» **EXERCISE OBJECTIVE**
Starting with the line with "The detachable panning" in the entries below and going on through the line with "you old Indian", output every line exactly and nothing more. No pictures.

» **TASK MATERIAL**
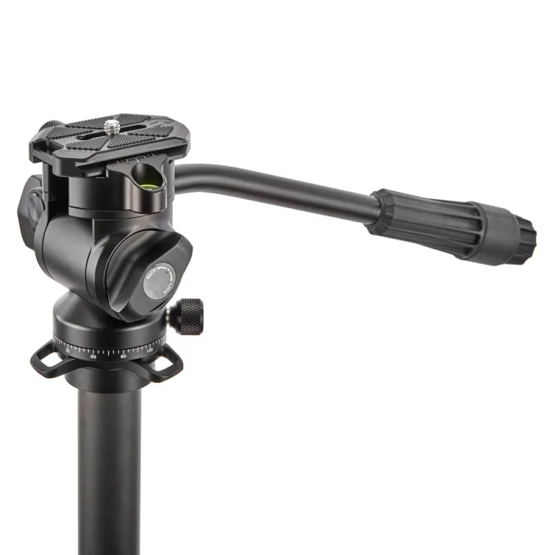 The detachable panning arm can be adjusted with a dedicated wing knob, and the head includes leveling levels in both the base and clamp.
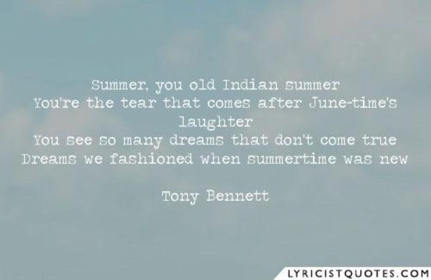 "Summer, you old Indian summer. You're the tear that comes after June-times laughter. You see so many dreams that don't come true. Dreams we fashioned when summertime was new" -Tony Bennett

* * *

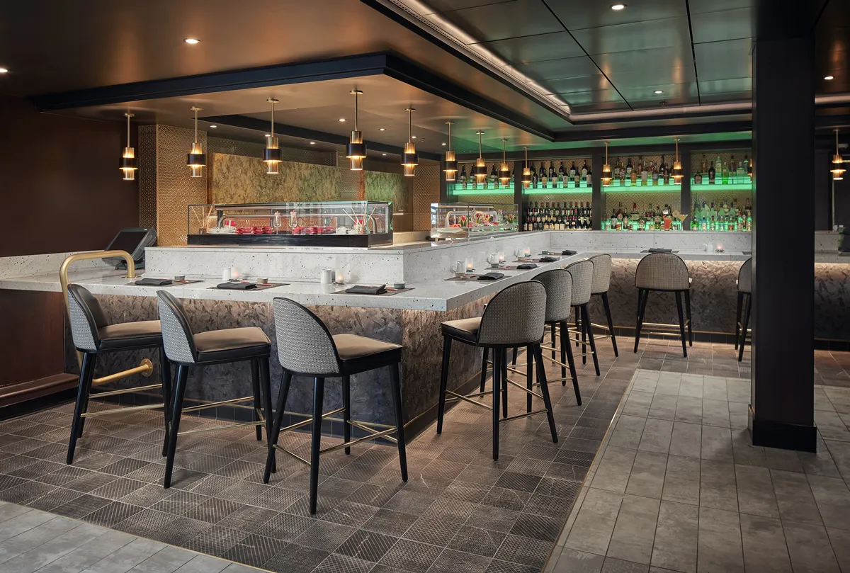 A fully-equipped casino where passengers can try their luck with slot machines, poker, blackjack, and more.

» **ANSWER TO THE EXERCISE**
 The detachable panning arm can be adjusted with a dedicated wing knob, and the head includes leveling levels in both the base and clamp.
 "Summer, you old Indian summer. You're the tear that comes after June-times laughter. You see so many dreams that don't come true. Dreams we fashioned when summertime was new" -Tony Bennett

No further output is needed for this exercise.